I was at the Large Hadron Collider because I was intrigued by this question that Peter Higgs asked: why does matter have mass? I wanted see if he could answer this question and it was at the Large Hadron Collider that this question was answered.
The LHC was like a fighting ring for particles, and the scientists studied what happened when particles collided into each other. I was there observing all of this chaos, looking for what Peter Higgs called the Higgs boson and many others called the God particle.
I saw her for a fraction of a second. She appeared and disappeared with the blink of an eye. The image of her was so fleeting that anyone could have claimed that I imagined her. I knew I didn’t though because it was so clearly her. She still had the same cloudy, blue-green eyes and the curtain of black hair. After billions of years searching for her, I had found her and lost her.
I soon realized that the Higgs boson didn’t want to be seen and she didn’t want to be understood. She carried the entire universe, but she didn’t want anyone to carry her, and I didn’t know why she would want that. I wouldn’t be able to carry the universe for her, but I could carry the fact that she is carrying the universe. She gave me meaning and I wanted desperately to be able to give her meaning too.
I sank into this deep depression, and for billions of years, I wandered around the universe without purpose. However, at the end of the Stelliferous era and the beginning of the Degenerative era, I realized that I had to get over the Higgs boson. Nothing lasts forever, not even the stars, so I better see and do everything before the universe came to an end. There were two brothers—Entropy and Time, and they were slowly killing the universe one star at a time.

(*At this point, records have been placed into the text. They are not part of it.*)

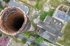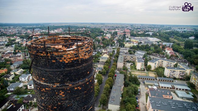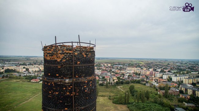 - Fotografie powstały przy użyciu drona z zamysłem pokazania nie tyle samego komina, bo ten jest znany, lecz panoramy miasta z kominem na pierwszym planie – mówi Krzysztof Szydłowski. - Spoglądając na komin z góry widać, że niestety jest w złym stanie technicznym.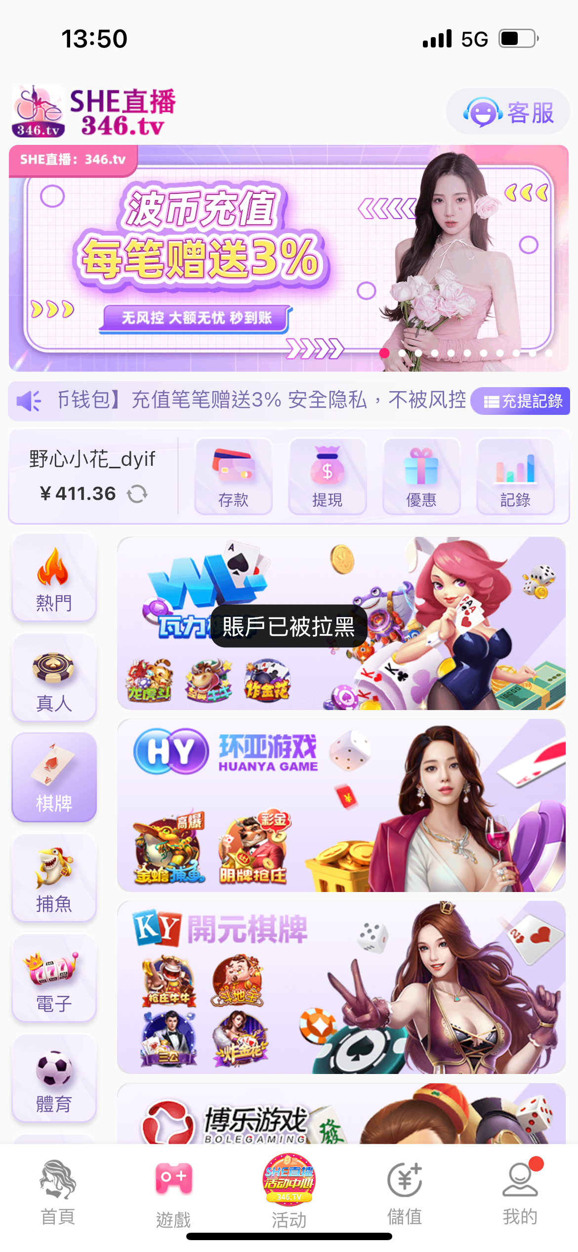 SHE直播黑台200上900出款就黑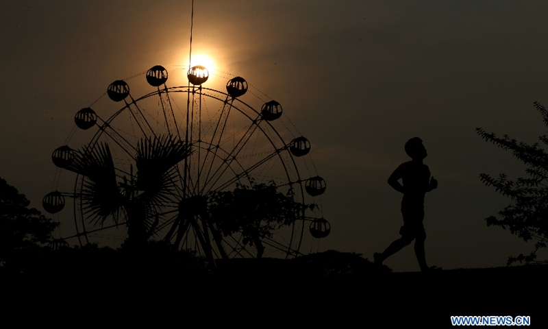 A man does exercises in sunset on the bank of Inya lake in Yangon, Myanmar, Dec. 18, 2020.Photo:Xinhua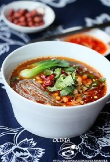 原料:粉条,葱末、姜末、蒜泥,豌豆尖、香菜、炸菜丝、香芹末、酱油、醋、辣椒油、香油,猪油、炸酥的花生豆和黄豆,花椒粉、胡椒粉、味精、鸡精,盐、芝麻,还有用鸡汤或骨头煲的老汤。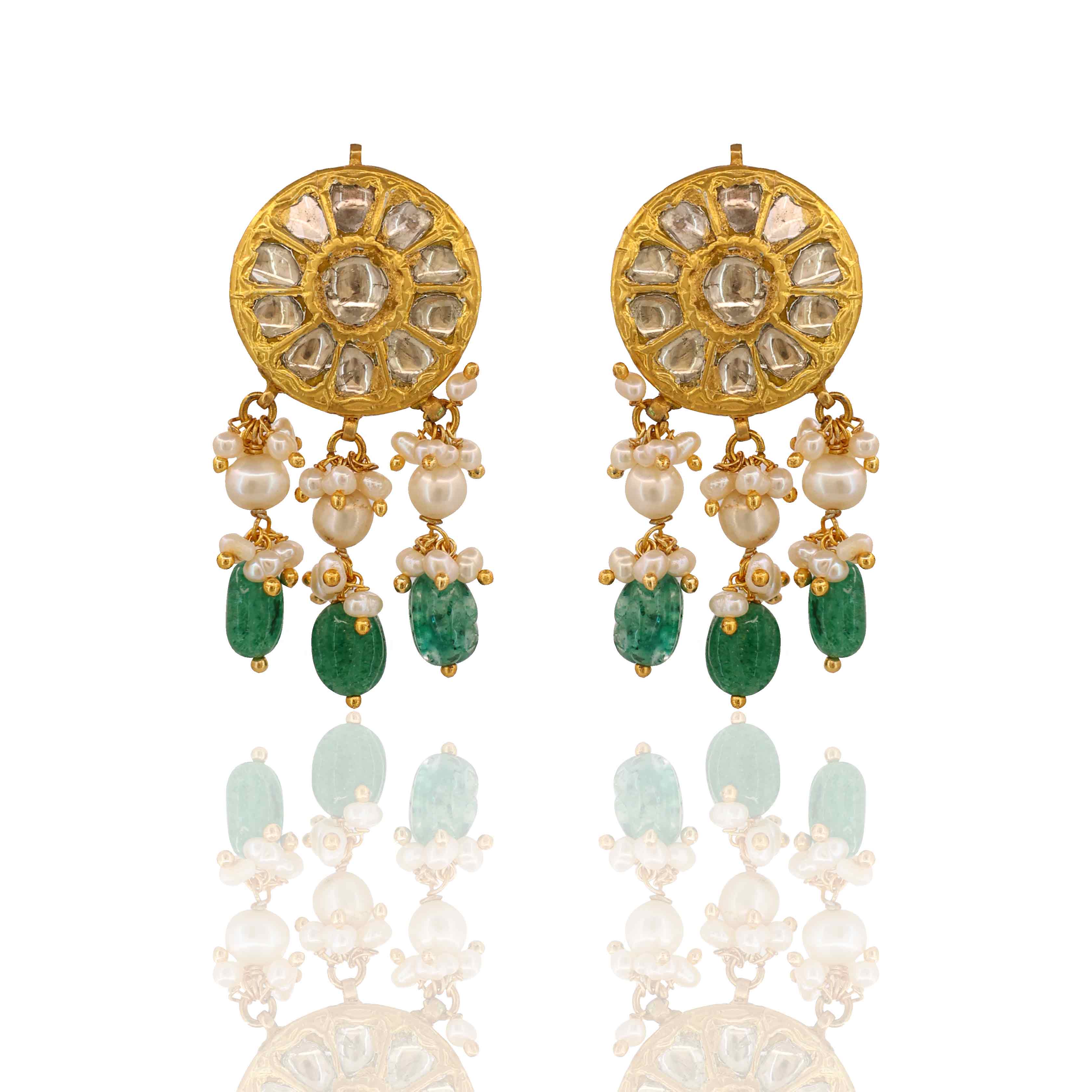Crafted in 23KT Gold With Natural Polki Diamonds and Gemstones.
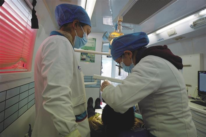 上午9點半,義診車輛到達沖賽康社區居委會附近,居民們有序排起了長隊,等待接受檢查。現場,醫務人員仔細為每一位居民檢查口腔,耐心細致地講解口腔保健、牙病預防等方面的口腔知識,并有針對性地為居民提出治療建議。

As I travelled the universe learning and creating, all of the stars dimmed and flickered out one by one. All that remained of the bonfire was a few dead and dying embers. I thought I was giving my life meaning by creating and learning about beautiful things, but I soon realized that my meaning would eventually die with the rest of the universe.

When the last star died, my meaning sank into black holes and so did everybody else’s meaning. The universe floated further down the river Lethe until everything sank down the ultimate black hole—oblivion. All information was lost and I sat on a dry husk of a planet, or at least I think it was a planet. Everything was dark, full dark, and there were no stars, no light, just awareness.

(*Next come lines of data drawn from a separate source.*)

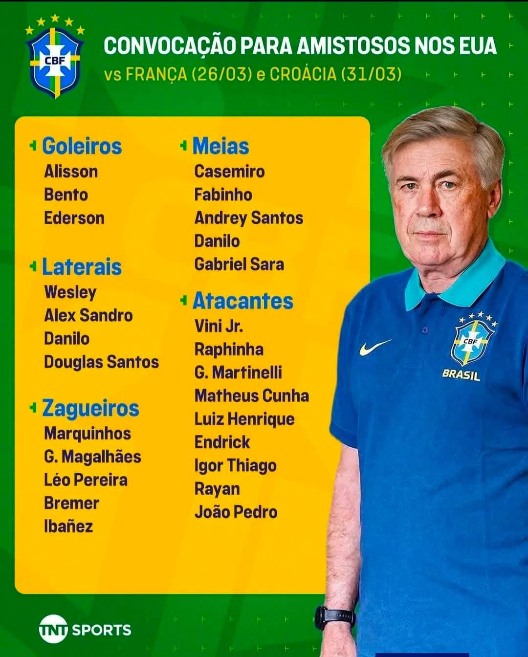 Brasil dijadwalkan melakoni dua laga persahabatan menghadapi Timnas Prancis di Boston pada 26 Maret dan Timnas Kroasia di Orlando pada 31 Maret. Dua pertandingan ini menjadi momen terakhir sebelum pelatih Carlo Ancelotti menetapkan skuad final.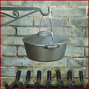 “From morning to night,” said Mademoiselle Ray, “my largest black iron ‘witch’s cauldron’ hangs from the hook above the huge log fire. We ladle the food out of it hour after hour. One day it might be filled with our Spécialité de la Maison, Le Hochepot de Poule du Prince d’Orange, made with chicken, veal, celery, leeks, onions and so on, gently simmering in veal stock and white wine. Or it might be a Mediterranean dish from my home, Les Pieds Paquets Marsellaise, with lambs’ feet and aromatic little packages of tripe bubbling in a bouillon. Or a pot roast of Boeuf à la Mode Marsellaise with blackberry brandy and olives. Or our Grande Spécialité, La Marmite de Lesdiguières, with every kind of meat, chicken and vegetables, and the sauce laced with Cognac.” [Note: This description concerns food fed to skiers staying at the Auberge.]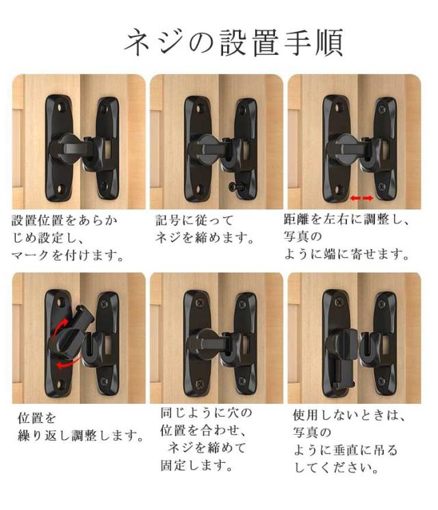 | 【高品質素材】高品質な亜鉛合金のドアバックルは、多層研磨仕上げで構成され、厚くて強化されたベース、強度が高く、腐食、錆や変色の心配はありません。簡単に壊れたり変形したりせず、耐久性に優れています。4球軸受構造を採用し、スムーズに回転でき、ワンタッチに簡単に開閉できます。 【便利でシンプル】便利なフリップデザイン、プライバシーロック、フラップは、より快適な生活環境のためにさらなるセキュリティを提供します。 【取付けも簡単】取り付け用のネジが付属しているため、留め具をすぐに設置する事ができます。左または右にインストールすることを選択できます。特殊タイプで90度の角度で取り付けられるため、ドアや窓の安全を確保するために使用できます。 【安全保護】子供ケガ防止だけでなく、部屋の外に出ていかないようにしたり、様々な危険を防止できます。簡単施錠でスライドドアの防犯対策ができます。猫の脱走防止用としてもお使いいただけます。 ※接着剤と固定シール付いておりません。 ネジの設置手順 設置位置をあらかじめ設定し、 マークを付けます。 記号に従ってネジを締めます。 距離を左右に調整し、 写真のように端に寄せます。 位置を繰り返し調整します。 同じように穴の位置を合わせ、 ネジを締めて固定します。 使用しないときは、写真のように垂直に吊るしてください。 釘なし接着剤の設置手順: 設置位置をあらかじめ設定し、 マークを付けます。 台座に釘なし接着剤を塗ります。 留め具をしぼって接着し、 脱落防止の補助シールを 貼ります。 位置を繰り返し調整します。 同様に接着剤を塗ります。 (ネジは塗布しない) 補助シールを貼った後、 72時間静置します。 (冬はもっと長い) | |

I remembered the Higgs boson and how I thought she gave everything meaning. Now I realized that she didn’t. Mass is not meaning and neither is existence. The only reason she still existed was because I was here, floating in the darkness and aware about the past and present.

I could see her face so clearly even though it was dark. Her black hair was pulled back, showing blue-green eyes that were no longer cloudy, and she was smiling. We embraced each other and when the universe fell into the perfect darkness that was Heat Death, we still didn’t let go.


The author's comments:
Told from the perspective of an eternal narrator. Hope you enjoy learning about the Higgs Boson as much as I did!